Investors and economists were watching the US consumer products company, the first of its peers to report earnings for the three months to December, for clues to whether inflation-wearied consumers may have reached the limits of what they will pay for household brands such as Tide and Pampers.
P&G said it had seen volume growth of 4 per cent in the US and 3 per cent in Europe for its fiscal second quarter. That sign of robust consumer demand, despite a 4 per cent increase in P&G’s pricing globally, also lifted shares in other consumer goods groups.
“That’s impressive because we’re at a point right now where the industry’s growth in the last two years has been driven entirely by price,” said Jason English, an analyst from Goldman Sachs.
“To continue that top-line growth, we have to have a successful handoff from price to volume, and what they showed in results today is [that] it’s happening,” he said.
P&G’s comments on US demand underscored a message already emerging from recent economic data, such as last week’s stronger-than-expected December US retail sales report and news of a jump in consumer sentiment in January.
While group sales of $21.4bn slightly undershot Wall Street’s consensus forecast, the strength of its margins in the quarter took analysts by surprise. The combination of price growth, productivity savings and more favourable commodity costs lifted P&G’s gross margin by 590 points before currency effects.
Andre Schulten, the group’s chief financial officer, pointed, however, to a likely slowdown in price increases, telling analysts on its earnings call that the next two quarters would “see less pricing benefit”.
Executives also flagged a more challenging picture in some international markets. P&G took a $1.3bn non-cash impairment charge against the value of its Gillette shaving brand, citing the weakening of several currencies against the US dollar, and reported a 15 per cent organic fall in its sales in China.
Consumer sentiment in China, P&G’s second-largest market, has not fully recovered, Schulten said. But its sales fall there in the quarter also reflected a 34 per cent drop in sales of SK-II, its high-end beauty brand, which chief executive Jon Moeller attributed to “anti-Japanese brand sentiment”.
SK-II was one of several Japanese beauty products to suffer consumer boycotts in China after the Japanese government released nuclear contaminated water to the Pacific Ocean last year.

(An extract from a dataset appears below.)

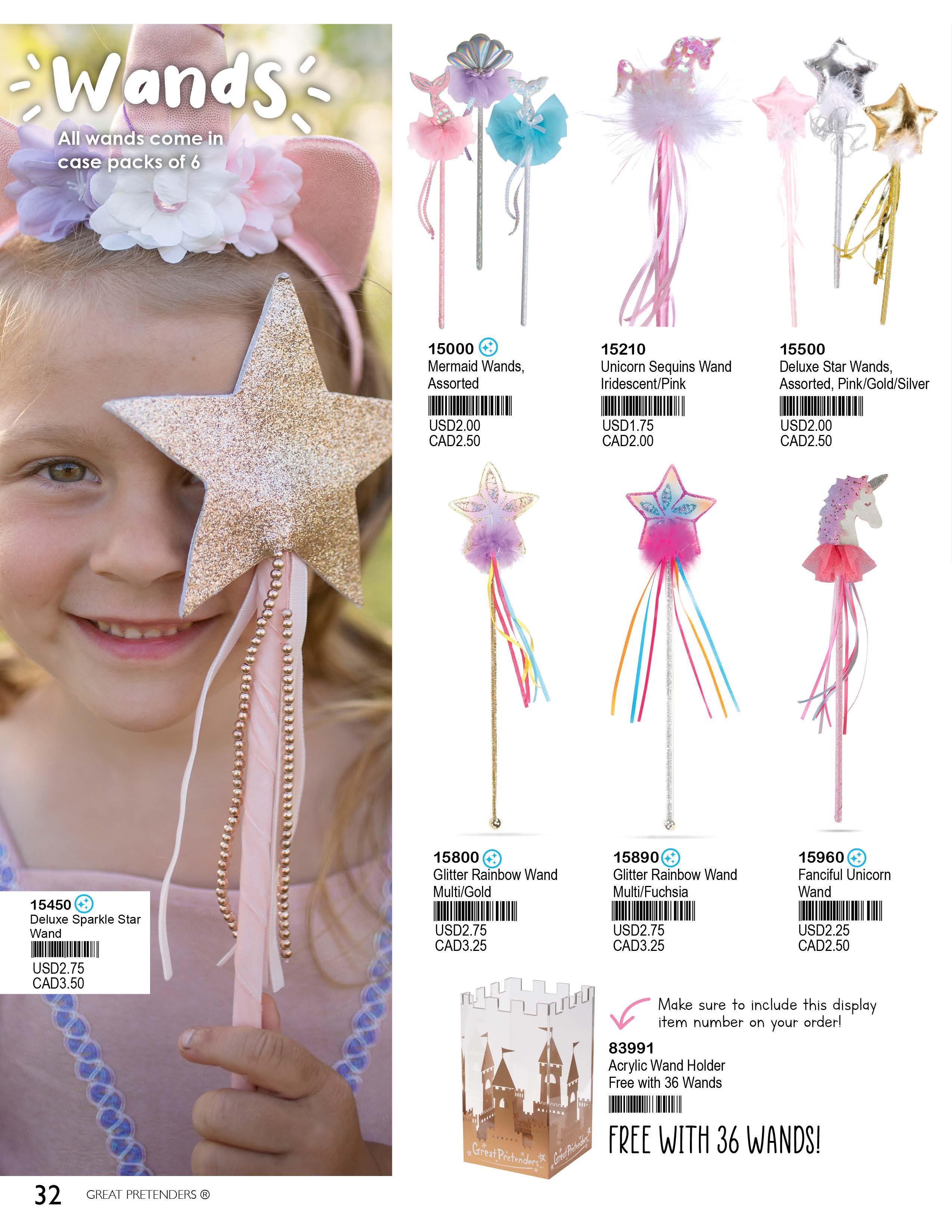 15450@ Deluxe Sparkle Star Wand 111111111111111111111111111111 USD2.75 CAD3.50 32 GREATPRETENDERS® 15000@ MermaidWands, Assorted 111111111111111111111111111111 USD2.00 CAD2.50 15800@ GlitterRainbowWand Multi/Gold 1111111111111111111111 IIIIIIII USD2.75 CAD3.25 15210 UnicornSequinsWand Iridescent/Pink 1111111111111111111111111111 II USD1.75 CAD2.00 15890@ GlitterRainbowWand Multi/Fuchsia 1111111111111111111111 IIIIIIII USD2.75 CAD3.25 15500 DeluxeStarWands, Assorted,Pink/Gold/Silver 111111111111111111111111111111 USD2.00 CAD2.50 15960@ FancifulUnicorn Wand 111111111111111111111111 IIIIII USD2.25 CAD2.50 r Mdke sure to include this displdy \/I' item number on your orderl 83991 AcrylicWandHolder Freewith36 Wands 111111111111111111111111111111 FREEWITH36WANDS!
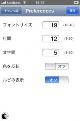 2008年12月05日(金) iPhone App Store#iPhone_3G#iPod_touch#ポケット青空文庫 ルビ表示対応青空文庫ビュワーアプリ「ポケット青空文庫」を試す ※本サイトは、アフィリエイト広告および広告による収益を得て運営しています。購入により売上の一部が本サイトに還元されることがあります。 ポケット青空文庫 aillが、iPhone/iPod touch用青空文庫ビュワーアプリ「ポケット青空文庫」を、App Storeにて販売を開始していたので試してみました。 青空文庫に収録されている7675作品(2008年12月時点)のうち、作家501名、作品7477点に対応しているそうです。 アプリから、好きな作品を直接ダウンロードします。 小説の表示は、フリックすることでページを送ることが出来ます。 文庫を表示している時に、画面の最上部分あたりをタップすると設定ボタンが表示されます。 設定では、フォントサイズ、行間、文字間、色を反転、ルビの表示 などの項目が用意されています。 ↓の評価ボタンを押してランキングをチェック!

Despite these setbacks, P&G said it had seen volume growth in markets representing 75 per cent of its sales, which Moeller attributed to it investing in new, higher-value products rather than simply raising prices on existing items.
“The last number of years, we’ve pushed innovation as a driver of value . . . The whole idea is to create business and not take business,” he said, pointing to new product launches such as Olay Super Serum, which have brought new consumers into their categories with targeted marketing.
P&G’s earnings reflected a “barbell” trend that has seen some consumers pay up for high-performing products while others trade down to cheaper private label goods, said English. “It’s the middle of the market that’s being hollowed out,” he said.